Kral tahtından indi ama korktuğu için değil. Korkutmak için. Bazı okyanusların uzak kalamsı için.

Parmakalarının arasında ki dalgaları ve gözlerinde ki damlaları iyi koru. Çünkü onları kurutacak kadar büyük bir yangın sahibiyle birlikte tahtından indi.

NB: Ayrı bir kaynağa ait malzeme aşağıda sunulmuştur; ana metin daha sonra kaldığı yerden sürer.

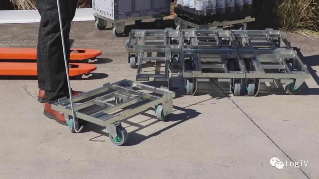 拆分出来的独立小托盘能够当作“小拖车”使用。工人只要将货物堆砌在托盘上,配个小铁钩或是绳子就能拖着货物走。虽然它不像大的手动搬运车那样有机架和手柄,但它有堆货区和滚轮,就能移动货物。

kül bir adım attıysa eğer tehlike yamacındadır demek. Yürürken adımların yavaş Nefesinin sesi ise kısık olsun.

❄️

Duyulmazdı bazı sesler. hep güçlü insanların sesinin ardında bir fısıltı kadar sesiz kalırdı. çünkü insanlar sadece duymak istediklerini duyarlardı. şimdi kimsenin bizi duymadığı.ve hiç bir zaman sesimin ulaşmadığı yerde hep bir fısıltı kadar güçsüzlüğükle suskunluğu kabullendiğim gibi. güçsüzlüğü kabullenmek. yenilgiyi kabullenmekti. şimdiye kadar sadece zihnimde savaştım. çünkü benim en büyük dusmanlarım zihnimin içinde ki korkunç düşüncelerin içinde ki baş rollerdi.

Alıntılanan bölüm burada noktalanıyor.